An investigation by New York Times reporter Ian Urbina, based upon thousands of unreported EPA documents and a confidential study by the natural gas industry, concluded, "Radioactivity in drilling waste cannot be fully diluted in rivers and other waterways." Urbina learned that wastewater from fracking operations was about 100 times more toxic than federal drinking water standards; 15 wells had readings about 1,000 times higher than standards.
Research by Dr.

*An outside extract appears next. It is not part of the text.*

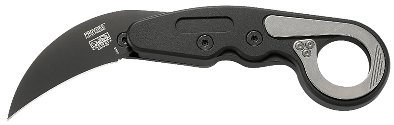 The CRKT Provoke is a 2.41" folding knife featuring a hawkbill/karambit blade made from D2 steel with a black titanium nitride finish and plain edge. It utilizes innovative Kinematic technology for rapid blade deployment via thumb push and includes a pocket clip. The knife has a 6061 aluminum handle, weighs 6.10 oz, and has an overall length of 7.25" when open.

Ronald Bishop , a biochemist at SUNY/Oneonta, suggests that fracking to extract methane gas "is highly likely to degrade air, surface water and ground-water quality, to harm humans, and to negatively impact aquatic and forest ecosystems." He notes that "potential exposure effects for humans will include poisoning of susceptible tissues, endocrine disruption syndromes, and elevated risk for certain cancers." Every well, says Dr. Bishop, "will generate a sediment discharge of approximately eight tons per year into local waterways, further threatening federally endangered mollusks and other aquatic organisms." In addition to the environmental pollution by the fracking process, Dr. Bishop believes "intensive use of diesel-fuel equipment will degrade air quality [that could affect] humans, livestock, and crops."